Highest Performing Employees
Let's say that we measure our performance goals solely on the volume of orders, regardless of their monetary value.
We can use our SQL knowledge to know who the highest performing employees based on number of orders.
Based on the ERD above, the reference that links - Foreign Key - between the Orders & the Employees Tables is the Employee ID.
Foreign Keys
A FOREIGN KEY
is a field (or set of fields) in one table that points to a PRIMARY KEY
in another table.
The child table is the table with the foreign key, and the referred or parent table is the table with the primary key.
SQL Query
The Query to get the volume of orders and the employee responsible looks like this:
SELECT E.EmployeeID As Employee_ID,
COUNT(O.EmployeeID) AS Order_Count,
CONCAT(E.FirstName, ' ' ,E.LastName) As Full_Name
FROM Orders as O
inner join Employees as E on O.EmployeeID = E.EmployeeID
group by E.EmployeeID, E.FirstName, E.LastName;
Lets dissect the query and understand what each part does, starting with GROUP BY
GROUP BY
The GROUP BY
statement is used to groups rows with the same values into summary rows.
To group the result set by one or more columns, the GROUP BY
statement is frequently used with aggregate functions (COUNT(), MAX(), MIN(), SUM(), AVG()).
In the above query however we can see that we grouped by The Employee's ID, First Name & Last Name.
Aliases
SQL aliases are used to give a table, or a column in a table, a temporary name, they are often used to make column names more readable.
An alias only exists for the duration of that query and is created with the AS
keyword.
Inner Join
The INNER JOIN
keyword picks records in both tables that have the same value.
You can think about Inner Join
in the term of the intersection between two tables
If the columns in both tables match, the INNER JOIN keyword selects all rows from both tables.

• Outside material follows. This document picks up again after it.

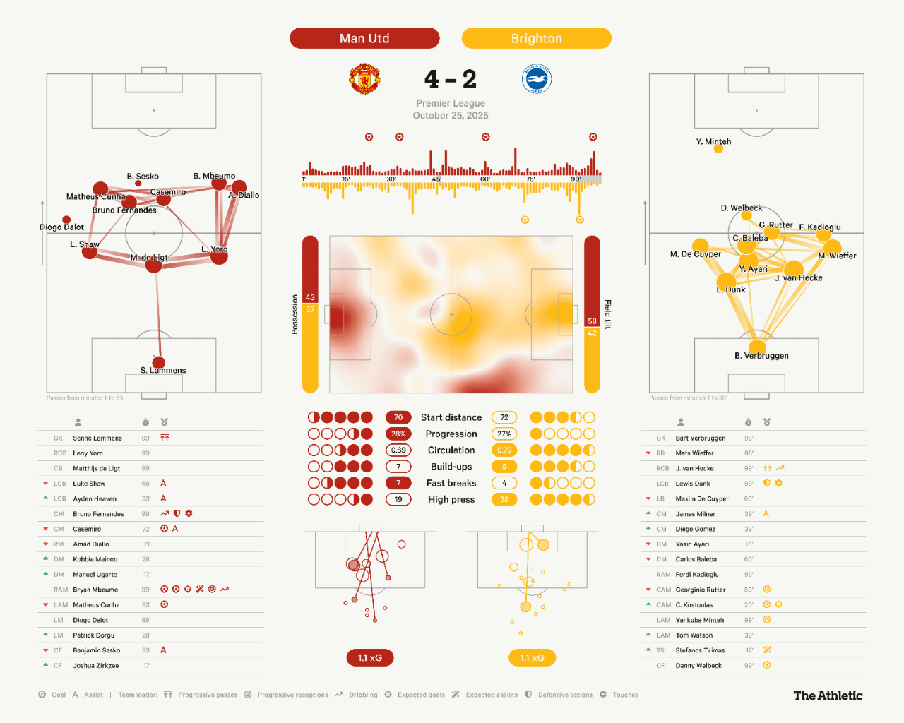 อโมริม ซึ่งได้เปลี่ยนตัวคาเซมิโร่ลงแทนโคเบ เมนอร์ ถูกบังคับให้ส่งมิดฟิลด์อีกคนคืออูการ์เต้ลงสนามเพื่อเสริมความแข็งแกร่งในแดนกลาง อย่างไรก็ตาม ไบรท์ตันยังคงมีโอกาสที่จะตีเสมอเป็น 3-3 ซึ่งไม่ใช่เรื่องแปลกใหม่แต่อย่างใด คู่แข่งในขณะนี้คงคาดการณ์ไว้แล้วว่าเมื่อใดที่คาเซมิโร่จะถูกเปลี่ยนตัวออก

These orders will not be displayed if there are records in the "Orders" table that do not have matches in the "Employees" table!

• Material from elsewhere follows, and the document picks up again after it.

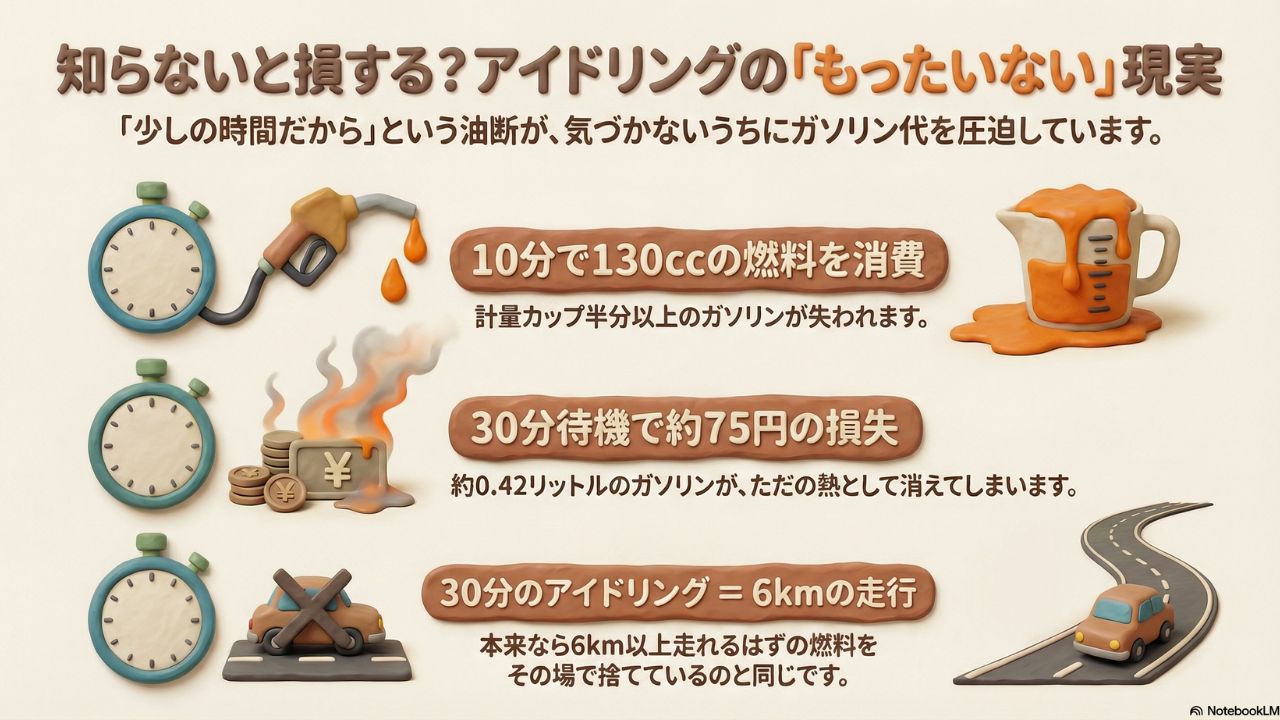 少しの時間の積み重ねが、気づかないうちにガソリン代を圧迫しているかもしれませんね。

There are a lot of table join types, we will discuss them as the need arises but you can check the below Venn Diagram as it will provide you with a brief explanation for the use-case of each join type:
Query Output
Our executed query will yield the following result -as shown below- and this provided us with insight on which employees created the most orders for the customers.
Employee_ID Order_Count Full_Name
1 123 Nancy Davolio
2 96 Andrew Fuller
3 127 Janet Leverling
4 156 Margaret Peacock
5 42 Steven Buchanan
6 67 Michael Suyama
7 72 Robert King
8 104 Laura Callahan
9 43 Anne Dodsworth
But this is still missing something fundamental, did you notice it?

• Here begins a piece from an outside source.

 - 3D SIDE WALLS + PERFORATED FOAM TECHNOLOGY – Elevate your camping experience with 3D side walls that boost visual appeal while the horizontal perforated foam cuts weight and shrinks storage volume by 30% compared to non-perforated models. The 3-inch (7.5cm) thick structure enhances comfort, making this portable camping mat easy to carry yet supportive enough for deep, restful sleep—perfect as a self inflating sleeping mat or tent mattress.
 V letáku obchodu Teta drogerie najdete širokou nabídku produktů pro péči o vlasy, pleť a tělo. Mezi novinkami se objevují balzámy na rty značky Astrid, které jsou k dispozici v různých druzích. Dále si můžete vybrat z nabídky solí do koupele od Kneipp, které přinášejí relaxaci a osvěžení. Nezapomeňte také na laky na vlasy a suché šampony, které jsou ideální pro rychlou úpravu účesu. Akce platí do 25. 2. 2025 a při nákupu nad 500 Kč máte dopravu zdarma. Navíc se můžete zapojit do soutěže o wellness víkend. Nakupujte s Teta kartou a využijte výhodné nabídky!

If your answer was their order then you are absolutely correct!, our query didn't order the elements based on volume of orders, it is still missing the ORDER BY
clause.
ORDER BY
As the name suggests, if we want to sort the result set in ascending or descending order, use the ORDER BY keyword.
By default, the ORDER BY keyword organizes the records in ascending order. Use the DESC keyword to sort the records in descending order.
For example, In our query, we should add the order by
clause after the group by
like this:
ORDER BY COUNT(O.EmployeeID) DESC;
OR
-- Since we defined Order_Count as an Alias for COUNT(O.EmployeeID)
-- we can use them interchangeably
order by Order_Count desc;
And that yeilds the result set organized as below:
Employee_ID Order_Count Full_Name
4 156 Margaret Peacock
3 127 Janet Leverling
1 123 Nancy Davolio
8 104 Laura Callahan
2 96 Andrew Fuller
7 72 Robert King
6 67 Michael Suyama
9 43 Anne Dodsworth
5 42 Steven Buchanan
How have discounts affected the number of items sold?
It is a known fact that we all LOVE sales, no matter what the sale is on, we lways manage to find something that we like and buy something new or an even larger quantity of something that we use on a regular basis.
But, this is not a scientific way to prove it, so how can we ?
We can start by getting the number of items sold with a sale and those sold without while comparing them with the number of orders made.
Let's see how we can achieve that with SQL.
SQL Queries
We will be keeping the Queries simple and using only the basic syntax, but I strongly advice you to start reading about Left Join
and joins in general and to start experimenting by yourself on various databases and datasets like The Famous Titanic Dataset on Kaggle
The below queries check for the total number of items purchased and the number of orders made.
-- For Items With Discounts:
SELECT SUM(OD.Quantity) AS Total_Items_Sold, Count(OD.OrderID)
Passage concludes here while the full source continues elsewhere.